Met de herziening van het Oostenrijkse wetboek van burgerlijke rechtsvordering (CCP) in 2013 is het Oostenrijkse hooggerechtshof in de meeste arbitragezaken de eerste en laatste instantie geworden en behoort het dus tot een minderheid van de rechtsgebieden waar tegen beslissingen over moties tot vernietiging geen hoger beroep meer mogelijk is bij het wijzen van een definitieve uitspraak. In lijn met deze ontwikkeling zijn er een aantal belangrijke koerswijzigingen in de rechtspraak van de Hoge Raad geweest die de basis hebben gelegd voor een rijker arbitragelandschap.

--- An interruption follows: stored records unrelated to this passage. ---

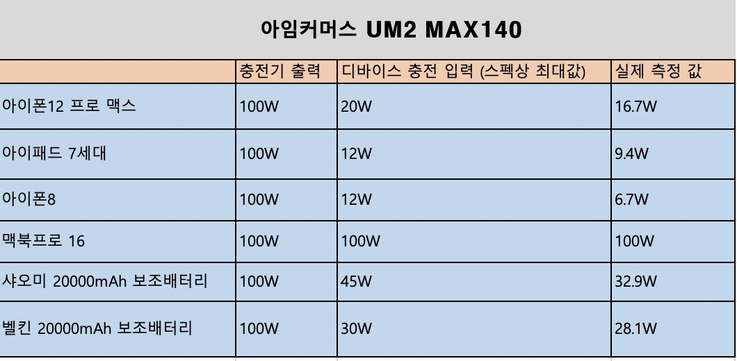 하지만 "아임커머스 UM2 MAX140은 PPS가 36W라 삼성 갤럭시 제품 중 45W 출력을 지원하는 스마트폰을 45W로 충전시킬 수 없었다. 기본 제공 AC 케이블 길이가 조금 짧아 배치하는 위치에 따라 케이블을 따로 구입해야한다는 아쉬움이 있다."는 언급도 찾아볼 수 있었다.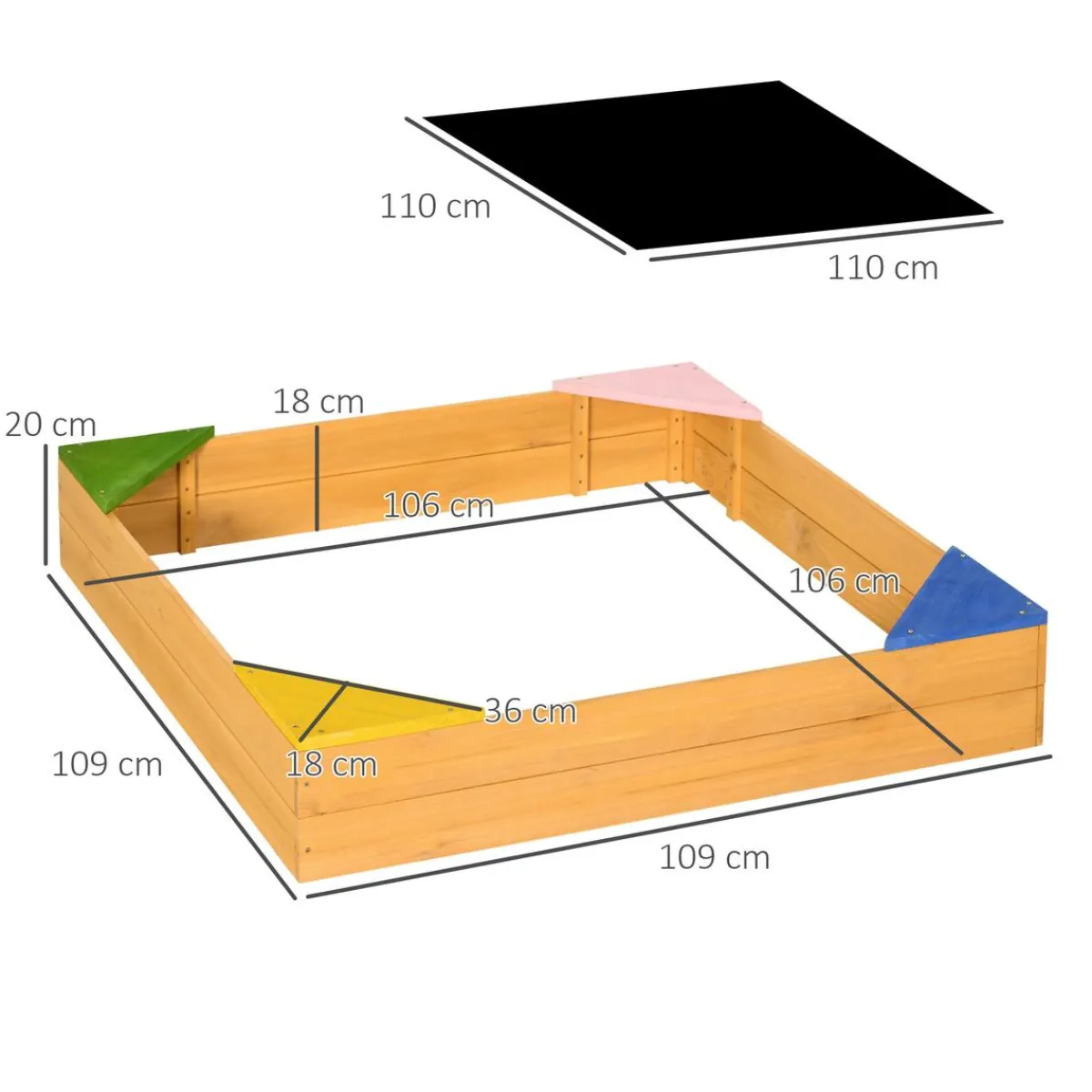 Outsunny – Arenero infantil de madera, un arenero para tener en cualquier espacio al aire libre como el jardín, patio o terraza. Ideal para mejorar la creatividad, la imaginación y la capacidad de colaboración para cavar y jugar.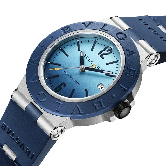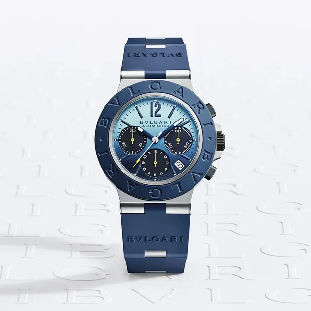 Der Aluminium-Capri-Chronograph von Bulgari wird von dem bestehenden, mechanischen Kaliber B130 mit Selbstaufzug angetrieben und verfügt über die Drücker für Start/Stopp und Rückstellung auf beiden Seiten der Krone. Das Modell Capri Solotempo bietet wird ebenfalls von einem bestehenden mechanischen Automatikwerk (Kaliber B77) angetrieben, das auch über eine Datumsanzeige verfügt. Das Kautschukarmband mit Aluminium-Gliedern und einer Dornschließe aus Aluminium sorgt für einen bequemen Sitz am Handgelenk.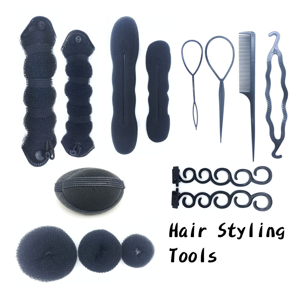 ファッション団子のつぼみの髪器の暗いボタンのDIYの髪の毛のドーナツのヘアリングのアクセサリーの団子の髪

Procedurele uitdagingen en eerlijke behandeling
De meest recente beslissing van het Hof, waarin de toereikendheid van de onderliggende redenering in het arbitraal vonnis centraal staat, dateert van 28.09.2016 (18 OCg 3/16i) en markeert een van de scharniermomenten in de omkering van de reeds lang bestaande praktijken van de Oostenrijkse rechtbanken. Hoewel de vernietiging van arbitrale vonnissen op basis van een ontoereikende motivering of het ontbreken daarvan voorheen niet als een schending van de procedureverordening openbaar werd beschouwd, oordeelt het Hof nu dat een afwijking van artikel 611, lid 2, vijfde alinea, van het ACCP een afdwingbare inbreukgrond kan zijn. Het Hof oordeelde met name dat: De motivering mag niet onlogisch of in strijd zijn met het besluit, noch mag deze beperkt blijven tot "nietszeggende zinnen" (inhaltsleere Floskeln); hoewel een vonnis niet opnieuw op zijn merites kan worden beoordeeld, doet dit niet af aan de noodzaak om een uitgebreide uiteenzetting te geven over de overwegingen die ten grondslag liggen aan het besluit van het tribunaal;
Mits het scheidsgerecht in de loop van de arbitrage naar zijn eigen standpunt verwijst, is een arbitraal vonnis pas dan voldoende gemotiveerd als zijn standpunt ook in het daarop volgende vonnis wordt besproken.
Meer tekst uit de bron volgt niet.